Support Questions

Find answers, ask questions, and share your expertise

Multiple Flume Agents to fetch data from MQ messaging broker

avatar

How would I go about configuring multiple flume agents to fetch data from an MQ messaging broker? So that they don't duplicate messages back to their sink.

1 ACCEPTED SOLUTION

avatar
Super Collaborator

Well, based on what we know so far, i'd say 2 flume agents with the file or jdbc channel should work for you.

There will be no overlap in data because is controlled by MQ itself, so it not a matter of flume.

From flume processing side we ensure that no data loss happens by using file or jdbc channel.

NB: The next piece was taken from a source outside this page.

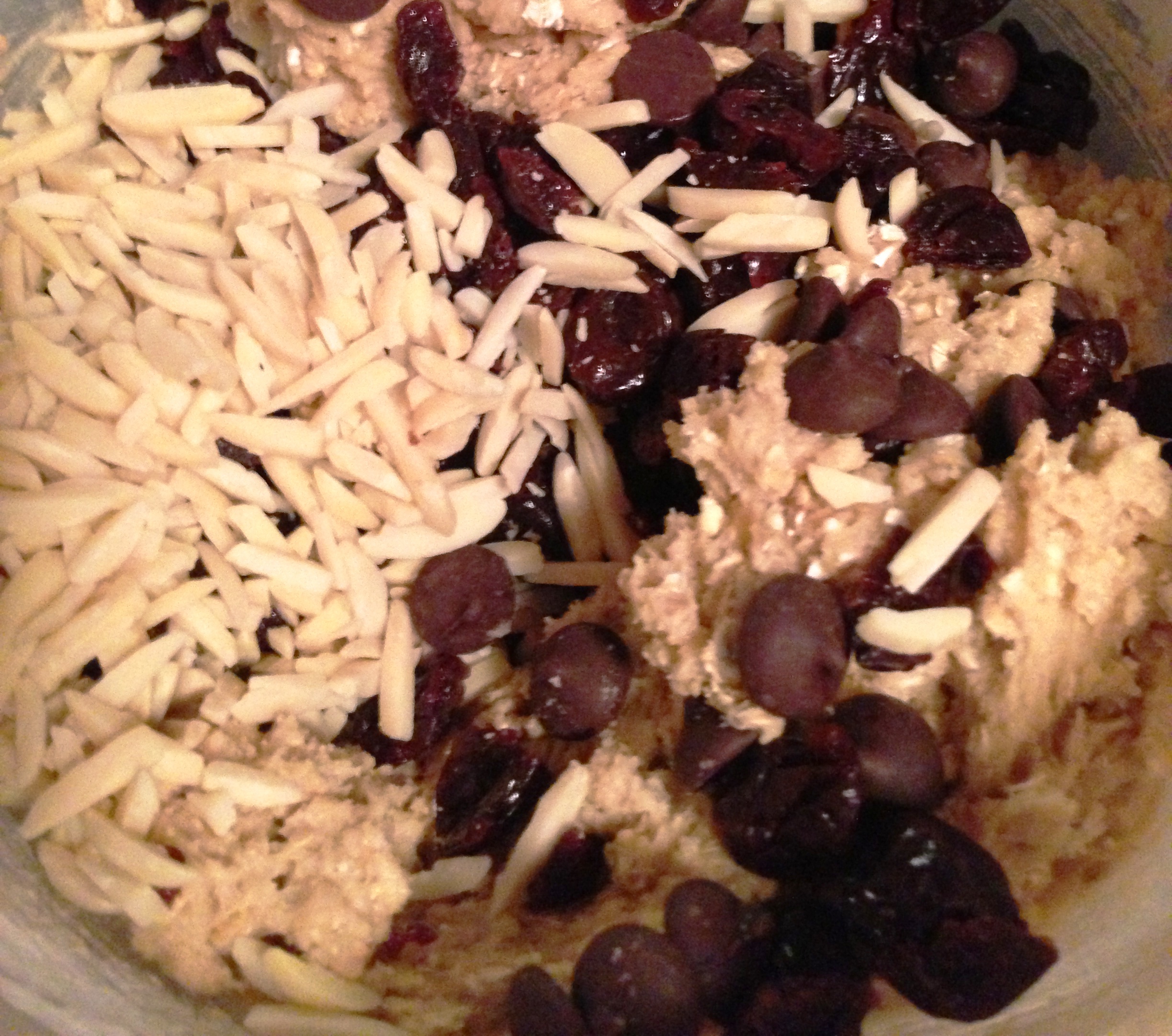 Add 1 cup of old fashioned oats and then 3 cups of whatever you want. I did 1.5 cups dark chocolate chips, 1 cups dried cherries (that I chopped up a bit) and 0.5 cup slivered almonds.

View solution in original post

5 REPLIES 5

avatar
Super Collaborator

Can you explain a bit the issue with MQ? Im not an expert in WebSphere, but seems MQ is supposed to deliver each event only once. So, there should be no duplicates by design. Is it correct?

avatar

Hi @Michael M - good question. I think my understanding of the MQ Queue was incorrect - where I thought if data is read, the data still exists on the queue when in fact that data is gone. The flume agent is set to use the memory channel and not the file channel, so if the agent crashes, what has been ingested from the source is lost. This may be the wrong approach because if the agent reads off the queue, that data off of the queue is no longer available for consumption. So if the agent crashes (and is using Memory Channel), that data is lost right? Multiple flume agents reading from the same queue won't step on each other because of this, right?

avatar
Master Guru

Basically JMS standard never delivers an acknowledged message twice. So yes each message goes to one flume agent. There is no replication in it and you need to make sure that agent doesn't have outages ( raided discs, file channel, ... )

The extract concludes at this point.